A verbatim copy is needed of the lines below from the one containing "chaminé da Anilinas..." up to and including the one containing "hab im Anfang", excluding pictures.

** Opening Source material block **

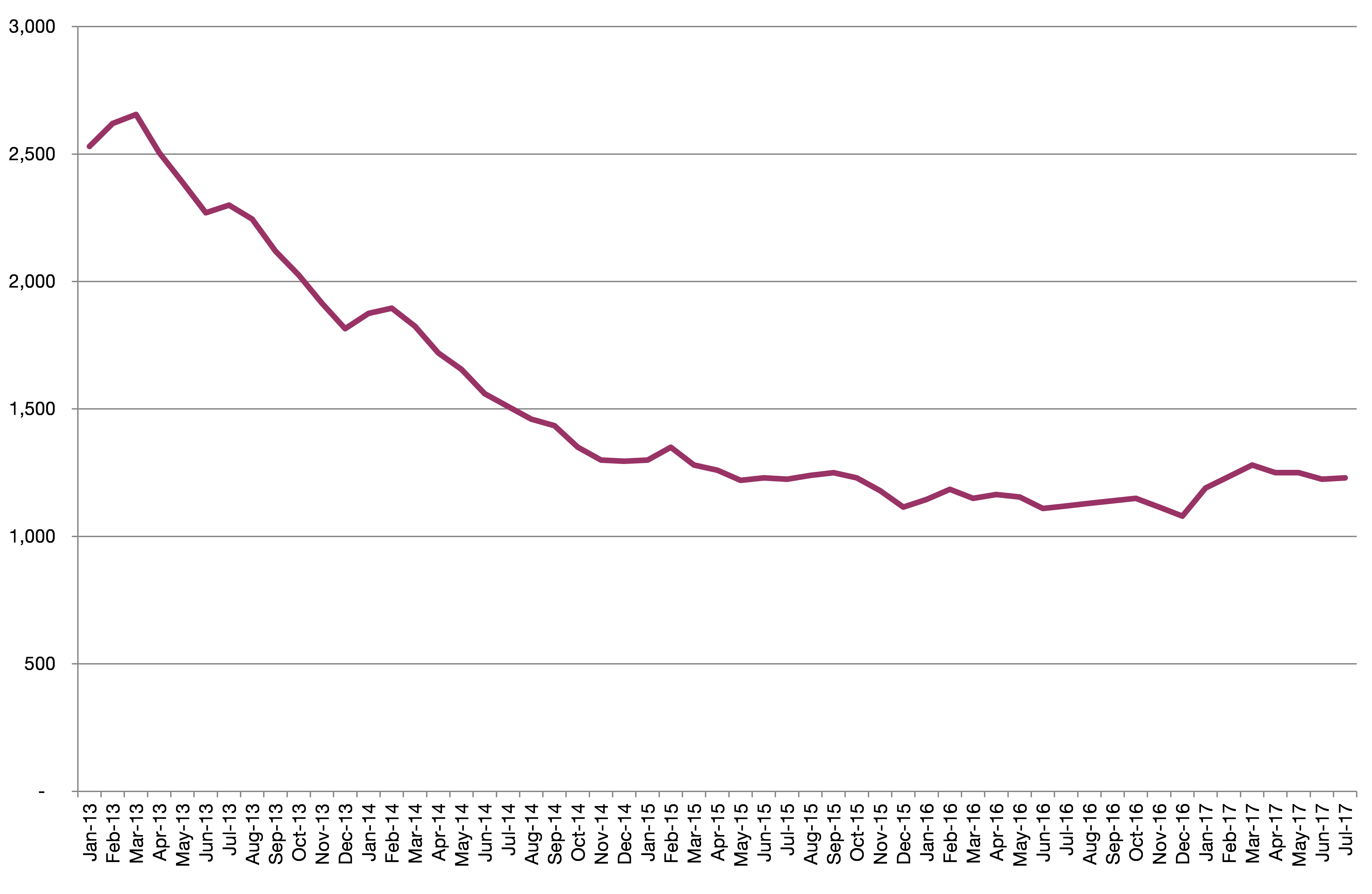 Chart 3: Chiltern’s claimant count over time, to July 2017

** Closing Source material block **
** Opening Source material block **

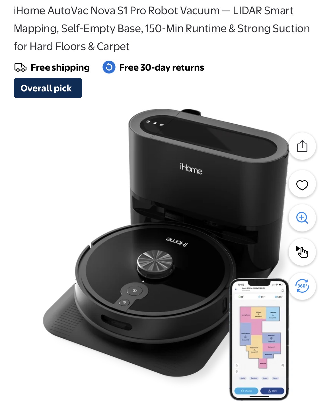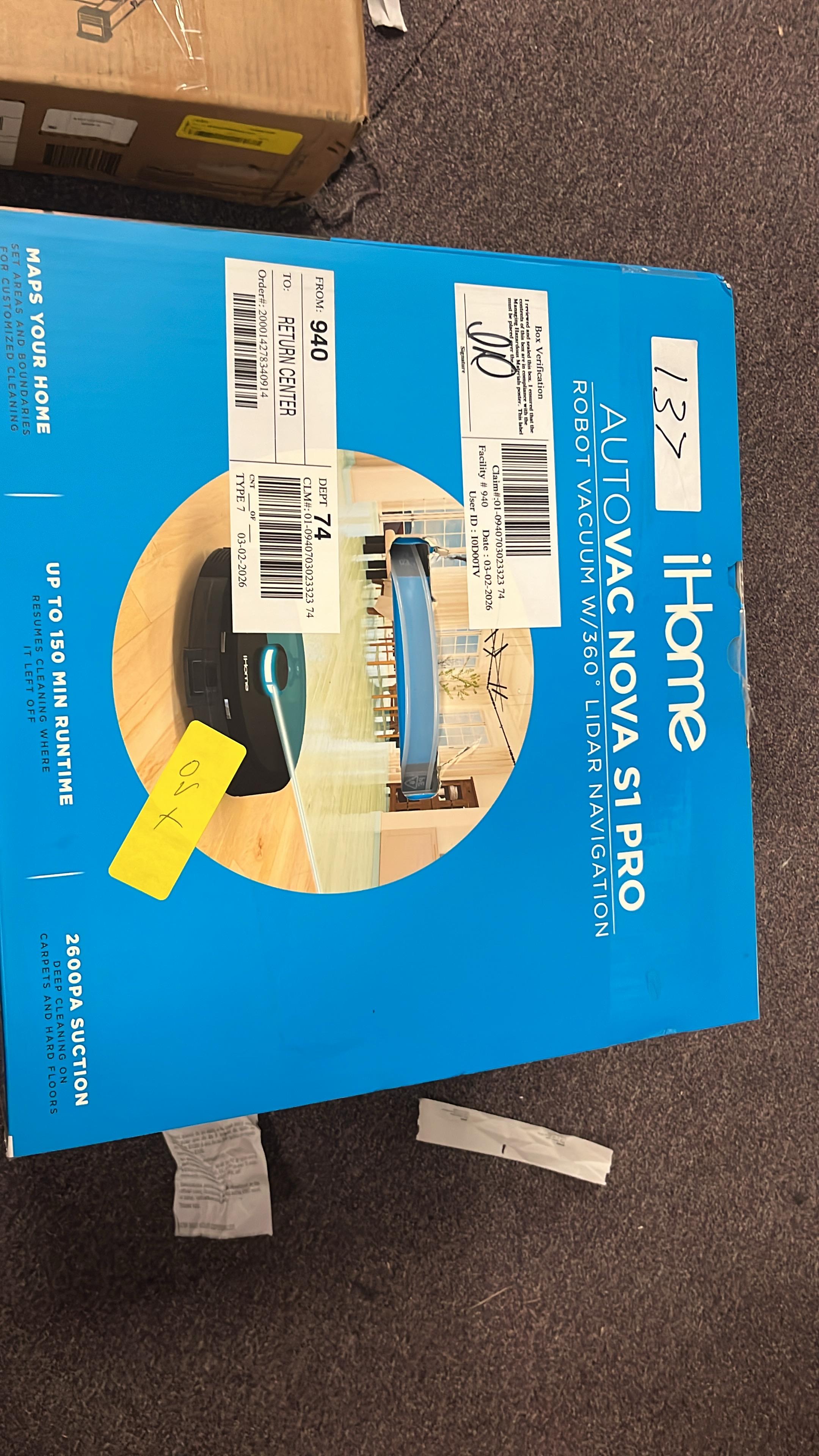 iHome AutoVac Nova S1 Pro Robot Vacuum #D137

** Closing Source material block **
** Opening Source material block **

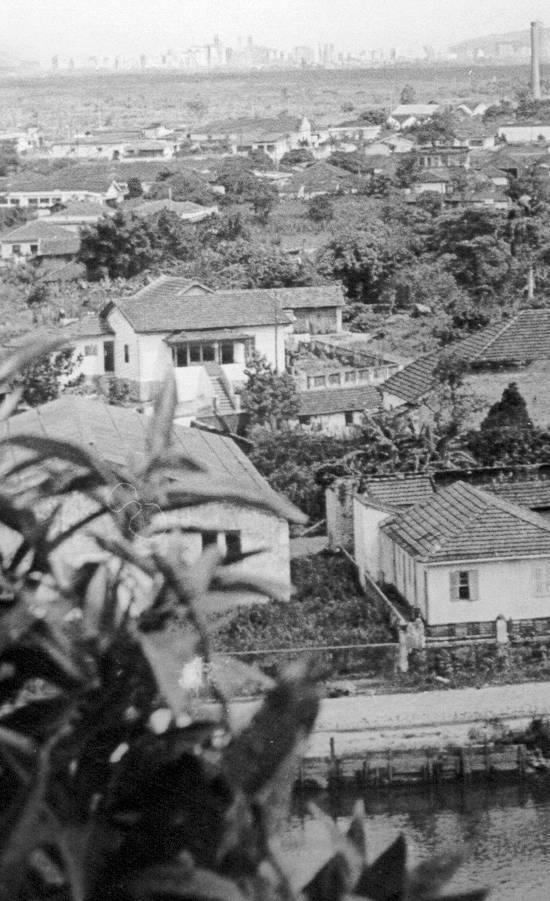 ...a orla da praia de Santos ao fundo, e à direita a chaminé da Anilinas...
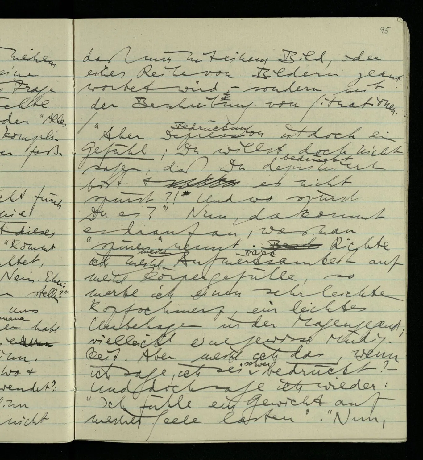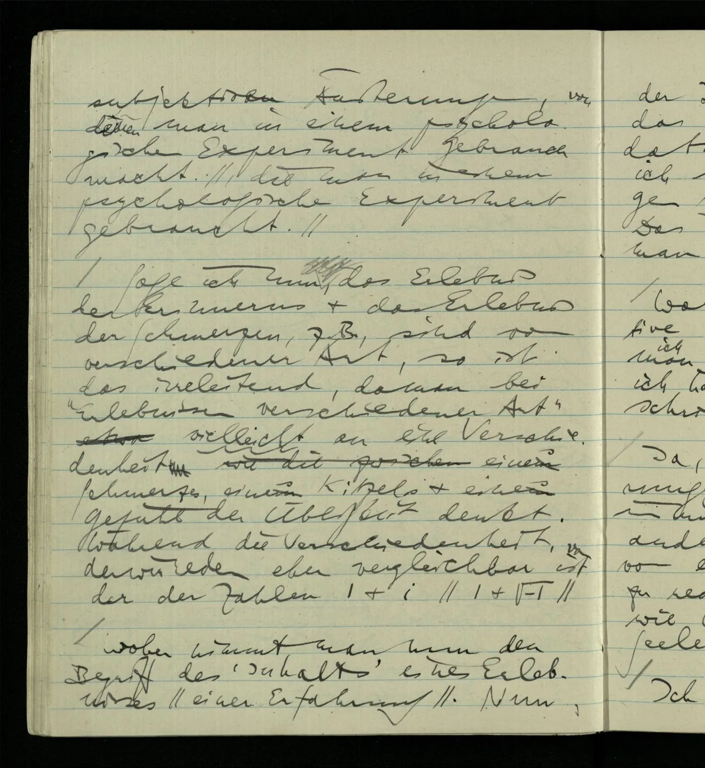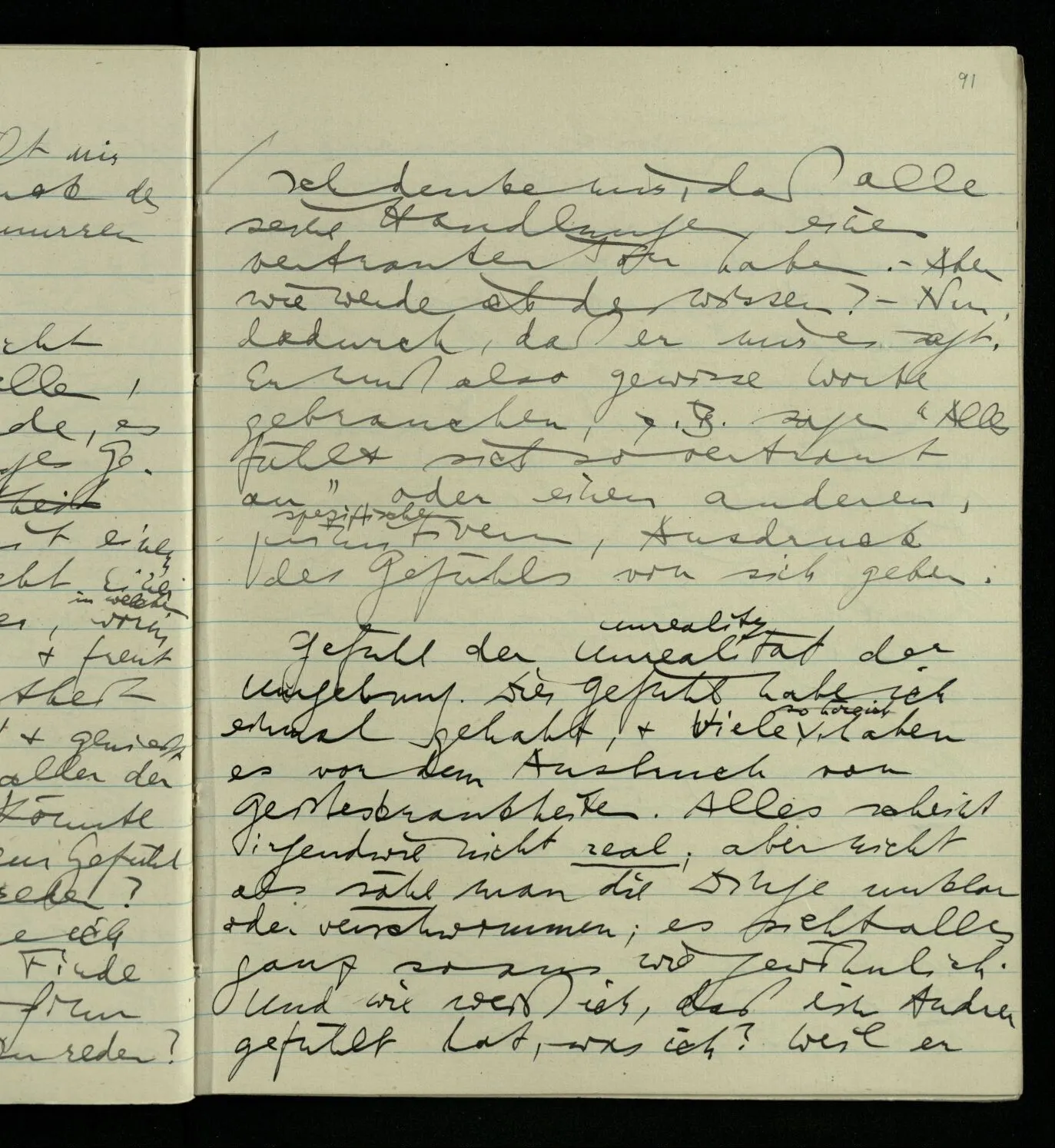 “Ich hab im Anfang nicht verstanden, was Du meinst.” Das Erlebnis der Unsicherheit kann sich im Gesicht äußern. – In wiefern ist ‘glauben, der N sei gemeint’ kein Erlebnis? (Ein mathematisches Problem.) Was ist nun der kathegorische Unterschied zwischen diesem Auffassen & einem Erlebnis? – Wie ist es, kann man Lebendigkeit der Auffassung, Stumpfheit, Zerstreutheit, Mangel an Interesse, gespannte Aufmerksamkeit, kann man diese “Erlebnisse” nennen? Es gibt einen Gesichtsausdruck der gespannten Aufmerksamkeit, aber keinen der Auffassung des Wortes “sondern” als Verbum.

** Closing Source material block **

● Output for this task:
 ...a orla da praia de Santos ao fundo, e à direita a chaminé da Anilinas...
 “Ich hab im Anfang nicht verstanden, was Du meinst.” Das Erlebnis der Unsicherheit kann sich im Gesicht äußern. – In wiefern ist ‘glauben, der N sei gemeint’ kein Erlebnis? (Ein mathematisches Problem.) Was ist nun der kathegorische Unterschied zwischen diesem Auffassen & einem Erlebnis? – Wie ist es, kann man Lebendigkeit der Auffassung, Stumpfheit, Zerstreutheit, Mangel an Interesse, gespannte Aufmerksamkeit, kann man diese “Erlebnisse” nennen? Es gibt einen Gesichtsausdruck der gespannten Aufmerksamkeit, aber keinen der Auffassung des Wortes “sondern” als Verbum.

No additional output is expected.